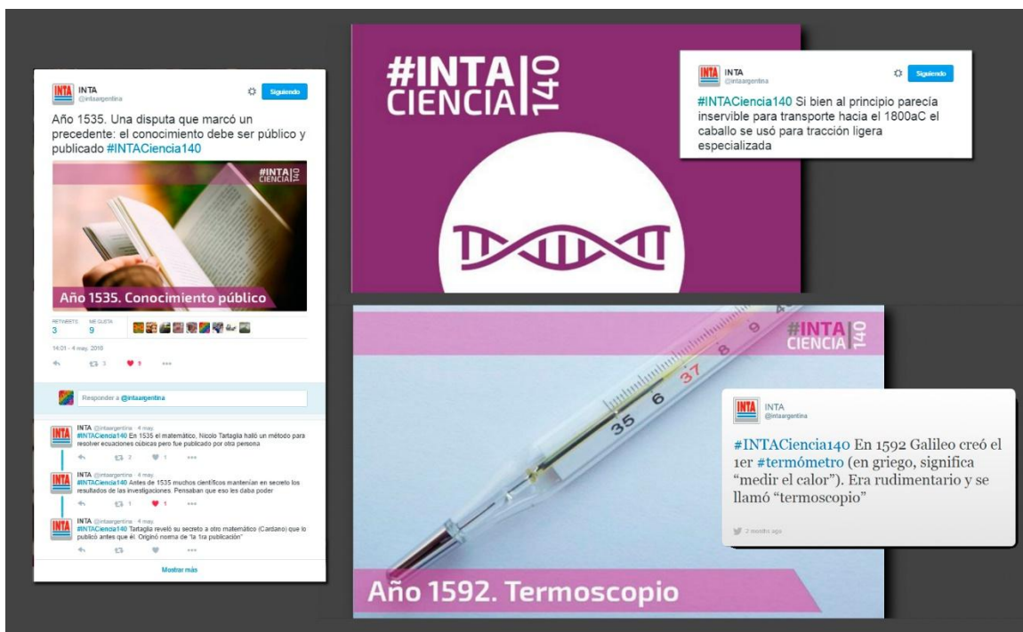
Gráfico N° 3. Vistas de tuits y slideshow de la campaña #INTACiencia140

una lectura secuencial, como si fuesen páginas dentro de un capítulo en el que el itinerario de lectura muestra la evolución de los descubrimientos científicos. Para contribuir a la lectura secuencial y dado su carácter histórico, se creó una colección como línea de tiempo goo.gl/k3mDUI , que reúne a todos los posteos realizados, y además una versión tipo diapositivas, slideshow de Storify 2 goo.gl/aod52o que permite una lectura continuada, sin los saltos del timeline 3 de Twitter.
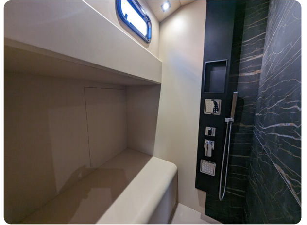
Apex 60 shower
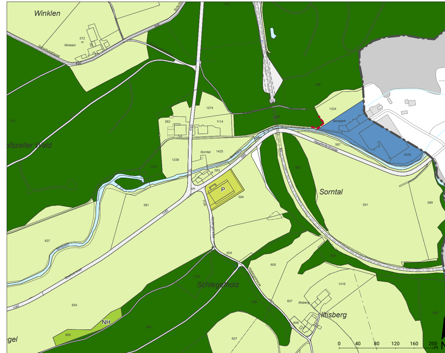
Amtliche Vermessung: Stand April 2024, AREG Kanton SG Umliedende Gemeinde: Bundesamt für Landestopografie swisstopo 2023
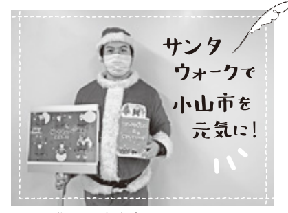
≥ 22 御殿町商店会
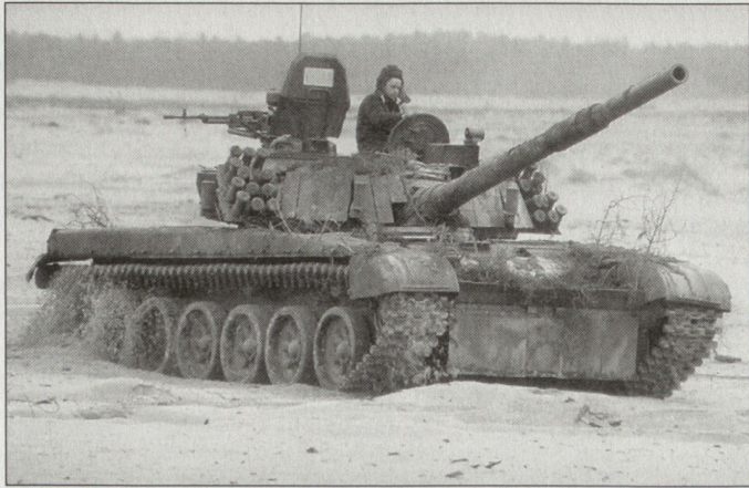
Die polnische Armee verfügt noch über eine grosse Anzahl von Kampfpanzern T-72; nur ein kleiner Teil davon soll NATO-kompatibel gemacht werden.

600 T-72M1. Insbesondere die PT-91 sind noch relativ neu und verfügen über Leistungsreserven. Mit der Einführung der «Leopard 2A4» konnte nebst einer unmittelbaren Leistungssteigerung bei der Panzertruppe auch eine rasche Kompatibilität zu analogen NATO-Kräften erreicht werden. Andererseits muss mit dieser Einführung auch der Aufbau einer zweiten logistischen Basis in Kauf genommen werden. Geplant ist im Weiteren, dass in den nächsten Jahren ein Teil der östlichen Panzer auf das westliche Kaliber 120 mm umgerüstet werden soll. Vorgesehen ist der Einbau der deutschen Kanone L44 mit dem entsprechenden Munitionszuführungs-
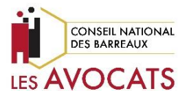
Conseil national des Barreaux France
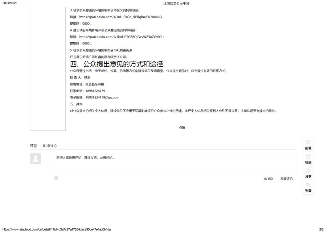
图 1.3-1 全国建设项目环境信息公示平台征求意见稿公示情况
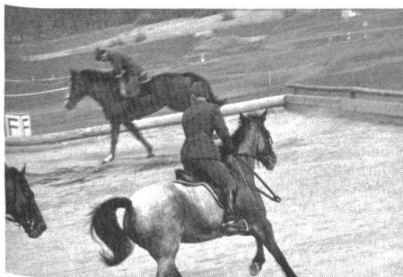
Auf der Reitbahn wurden verschiedene Vorfürhrungen geboten:
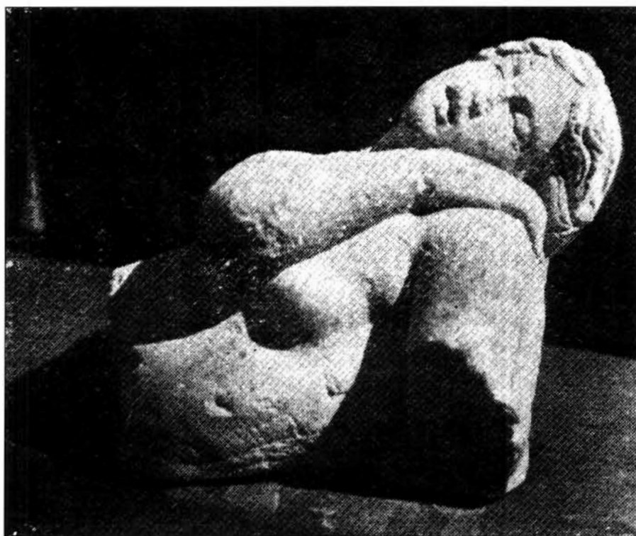
FIGURA 2. Cartagena. Estatua de ninfa adormecida (Jiménez, D., 1928, p. 267, fig. 10).

sus trabajos Balil 6 , Rodríguez 7 y Luzón 8 como simple paralelo de las esculturas por ellos estudiadas, pero nunca se le consagró un merecido examen en el que se consideraran sus particularidades primordiales y específicas. En fin, la labra no fue omitida en los estudios que Fabricotti dedicó a la sistematización del prototipo de las ninfas adormecidas y, en especial, a las reelaboraciones que se podían intuir en su seno 9 .
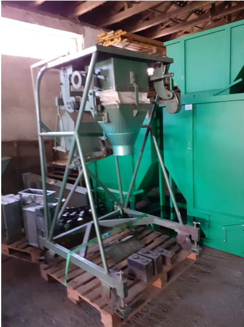
1 Stk. Bruttoabsackwaage für 30 – 50 kg mechanisch Preis auf Anfrage.
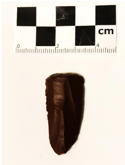
SLIKA – Artefakt pronađen na površini oranice
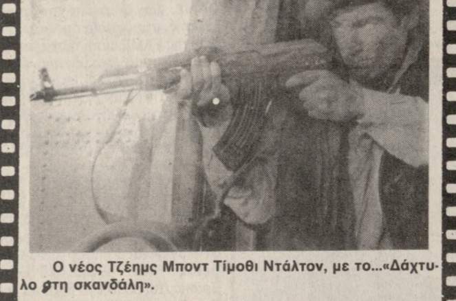
Ο νέος Τζέιμς Μποντ Τίμοθι Ντάλτον, με το...«Δάκτυλο στη σκανδαλή».
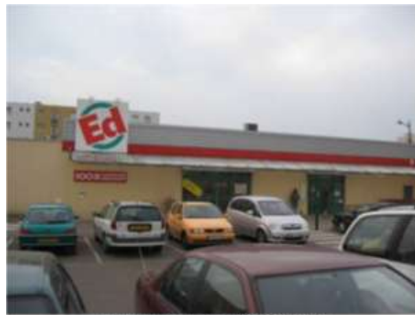
Rue Henri Cayeux – vue du parking ED (Nord)
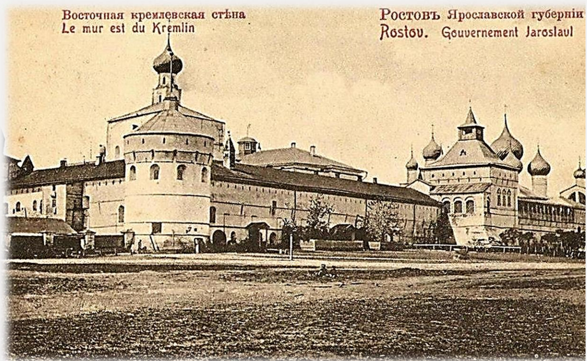
Ростовский кремль – резиденция митрополита Ростовской епархии

__Task objective__.
The answer must consist solely of the lines from the first line of the data through the line containing "Ο νέος Τζέιμς", inclusive, reproduced exactly and without pictures.

__Expected answer__.
Gráfico N° 3. Vistas de tuits y slideshow de la campaña #INTACiencia140

una lectura secuencial, como si fuesen páginas dentro de un capítulo en el que el itinerario de lectura muestra la evolución de los descubrimientos científicos. Para contribuir a la lectura secuencial y dado su carácter histórico, se creó una colección como línea de tiempo goo.gl/k3mDUI , que reúne a todos los posteos realizados, y además una versión tipo diapositivas, slideshow de Storify 2 goo.gl/aod52o que permite una lectura continuada, sin los saltos del timeline 3 de Twitter.
Apex 60 shower
Amtliche Vermessung: Stand April 2024, AREG Kanton SG Umliedende Gemeinde: Bundesamt für Landestopografie swisstopo 2023
≥ 22 御殿町商店会
Die polnische Armee verfügt noch über eine grosse Anzahl von Kampfpanzern T-72; nur ein kleiner Teil davon soll NATO-kompatibel gemacht werden.

600 T-72M1. Insbesondere die PT-91 sind noch relativ neu und verfügen über Leistungsreserven. Mit der Einführung der «Leopard 2A4» konnte nebst einer unmittelbaren Leistungssteigerung bei der Panzertruppe auch eine rasche Kompatibilität zu analogen NATO-Kräften erreicht werden. Andererseits muss mit dieser Einführung auch der Aufbau einer zweiten logistischen Basis in Kauf genommen werden. Geplant ist im Weiteren, dass in den nächsten Jahren ein Teil der östlichen Panzer auf das westliche Kaliber 120 mm umgerüstet werden soll. Vorgesehen ist der Einbau der deutschen Kanone L44 mit dem entsprechenden Munitionszuführungs-
Conseil national des Barreaux France
图 1.3-1 全国建设项目环境信息公示平台征求意见稿公示情况
Auf der Reitbahn wurden verschiedene Vorfürhrungen geboten:
FIGURA 2. Cartagena. Estatua de ninfa adormecida (Jiménez, D., 1928, p. 267, fig. 10).

sus trabajos Balil 6 , Rodríguez 7 y Luzón 8 como simple paralelo de las esculturas por ellos estudiadas, pero nunca se le consagró un merecido examen en el que se consideraran sus particularidades primordiales y específicas. En fin, la labra no fue omitida en los estudios que Fabricotti dedicó a la sistematización del prototipo de las ninfas adormecidas y, en especial, a las reelaboraciones que se podían intuir en su seno 9 .
1 Stk. Bruttoabsackwaage für 30 – 50 kg mechanisch Preis auf Anfrage.
SLIKA – Artefakt pronađen na površini oranice
Ο νέος Τζέιμς Μποντ Τίμοθι Ντάλτον, με το...«Δάκτυλο στη σκανδαλή».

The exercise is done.